Records from a data collection:
_ _ _ _

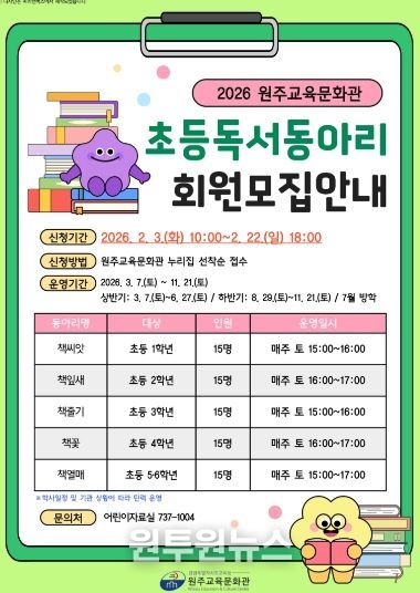 (원투원뉴스) 원주교육문화관(관장 용석태)은 2월 3일부터 선정 도서를 깊이 읽는 활동을 통해 문해력을 강화하고 지역사회 독서 공동체를 활성화하기 위해 초등학생과 중학생을 대상으로 ‘2026년 독서동아리 회원 모집’을 실시한다.
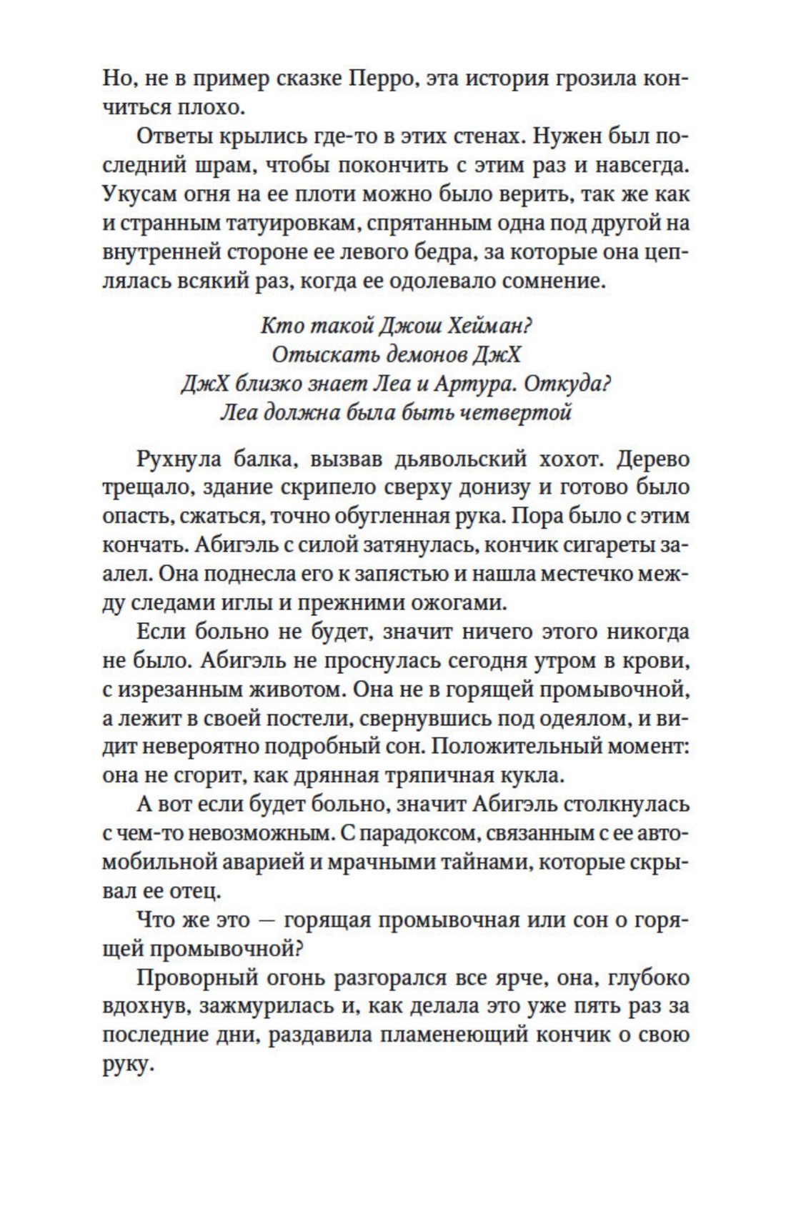 Абигэль — выдающийся психолог, специалист, которого полиция часто призывают на помощь в серьезных расследованиях. Однако ее жизнь с давних пор омрачает нарколепсия — таинственная болезнь, из-за которой сны перепутаны с действительностью. Теперь Абигэль идет по следу человека, который уже похитил троих детей, и, похоже, вскоре у полиции будет четвертая жертва... Вопросы множатся, похититель где-то совсем рядом. Но кто он? Ответ хранится в памяти Абигэль — памяти, где реальность неотвратимо сжимается, как шагреневая кожа...
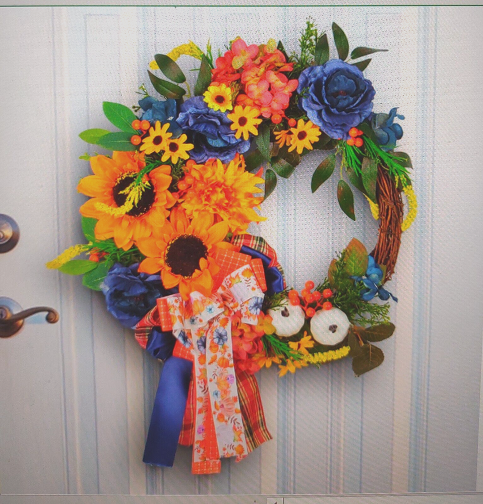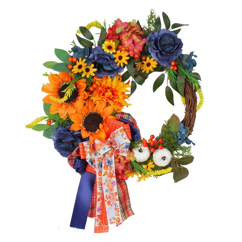 Artificial Autumn Wreath for Front Door or Porch, Multicolor Pumpkin
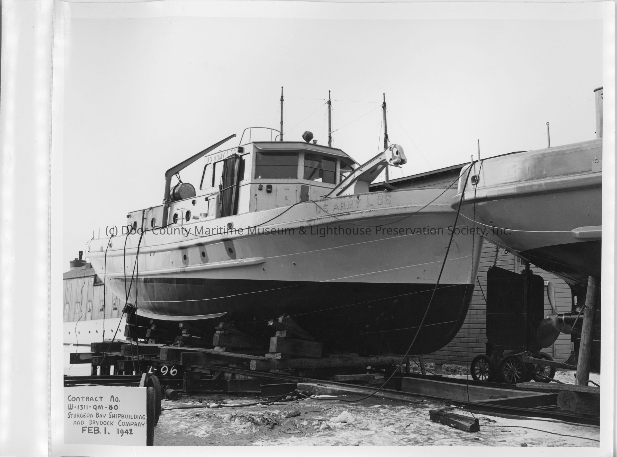L-96 on cradle at Sturgeon Bay Shipbuilding and Drydock Co. February 1, 1941Entry/Object ID
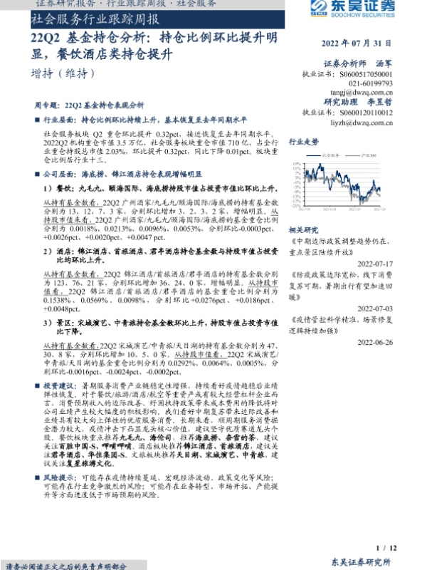 【东吴证券】【20220731】社会服务行业跟踪周报:22Q2基金持仓分析-12页 行业研究
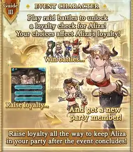 Clearing an event raid battle certain times after having completed the event story will let you play Aliza's loyalty episodes. Talk with Aliza during the loyalty episodes and give the right responses to raise her loyalty. Raise loyalty all the way to keep Aliza in your party after the event concludes!
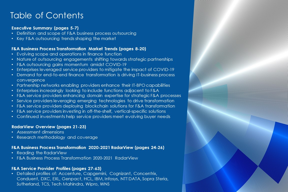 This RadarView includes a detailed analysis of the following finance and accounting service providers: Accenture, Capgemini, Cognizant, Concentrix, Conduent, DXC, EXL, Genpact, HCL, IBM, Infosys, NTT DATA, Sopra Steria, Sutherland, TCS, Tech Mahindra, Wipro, WNS.

_ _ _ _

THE PROBLEM
Leave the pictures out, and transcribe exactly the lines above starting at the one that contains "Абигэль — выдающийся" and ending at the one that contains "Clearing an event".

EXERCISE ANSWER
 Абигэль — выдающийся психолог, специалист, которого полиция часто призывают на помощь в серьезных расследованиях. Однако ее жизнь с давних пор омрачает нарколепсия — таинственная болезнь, из-за которой сны перепутаны с действительностью. Теперь Абигэль идет по следу человека, который уже похитил троих детей, и, похоже, вскоре у полиции будет четвертая жертва... Вопросы множатся, похититель где-то совсем рядом. Но кто он? Ответ хранится в памяти Абигэль — памяти, где реальность неотвратимо сжимается, как шагреневая кожа...
 Artificial Autumn Wreath for Front Door or Porch, Multicolor Pumpkin
L-96 on cradle at Sturgeon Bay Shipbuilding and Drydock Co. February 1, 1941Entry/Object ID
 【东吴证券】【20220731】社会服务行业跟踪周报:22Q2基金持仓分析-12页 行业研究
 Clearing an event raid battle certain times after having completed the event story will let you play Aliza's loyalty episodes. Talk with Aliza during the loyalty episodes and give the right responses to raise her loyalty. Raise loyalty all the way to keep Aliza in your party after the event concludes!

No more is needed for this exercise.